No nosso país, este ano vai ser decisivo em vários aspectos. A Paraíba tem que se inserir nesse cenário de luta. Em 2022, uma das principais atividades do MST é permanecer mobilizado na luta contra Bolsonaro, pelo Fora Bolsonaro, se inserindo na luta com os outros povos e movimentos. Sabemos que é uma tarefa política de 2022, elegermos o companheiro Lula. Fazer reforma agrária só se faz com o apoio, investimento e decisão do Estado de desapropriar terra. Ainda acreditamos que o Partido dos Trabalhadores (PT) tenha esse compromisso com a população brasileira. Outra coisa é permanecer construindo as cozinhas solidárias que temos nos municípios da Paraíba, como em Campina Grande, Bayeux, Alhandra, Mari, Pedras de Fogo.
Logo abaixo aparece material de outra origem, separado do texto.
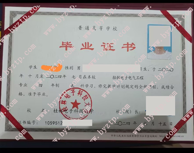 桂林电子科技大学2024年全日制本科毕业证样本图片(船舶电子电气工程)

Queremos continuar fortalecendo essa ação de levar comida para o povo; continuar produzindo nos acampamentos e assentamentos, para podermos levar para a cidade e alimentar a população. Essa questão do alimento é uma atividade central de 2022, porque a fome vai crescer. Nós do MST, dos movimentos sociais do campo, temos essa tarefa de produzir alimento para levar à periferia, a fim de garantir que a gente sobreviva e se organize para fazer luta e enfrentar este momento histórico; Continuar lutando todos os dias por uma educação diferente, por saúde popular; E uma ação que fazemos, desde o início da pandemia e vamos continuar este ano, é a questão dos agentes populares de saúde no campo, mas também fortalecendo as organizações da cidade. São muitas atividades, citei algumas que fazem parte da nossa rotina de luta. E dizer que para o MST, esse movimento que desde 1984 vem produzindo dignidade humana e lutando por justiça social, a pauta que tem permitido o povo ter direito é a luta pela reforma agrária e é isso que vamos permanecer lutando, por políticas públicas para os assentamentos, política de comercialização, para que as nossas famílias tenham melhores condições de viver no campo e de melhorar de vida e ter renda. Essa é a tarefa do MST e continuaremos firmes na luta, junto com todos os companheiros e companheiras que sempre estiveram de mãos dadas. Vamos em frente, lutar e construir a reforma agrária popular todos os dias.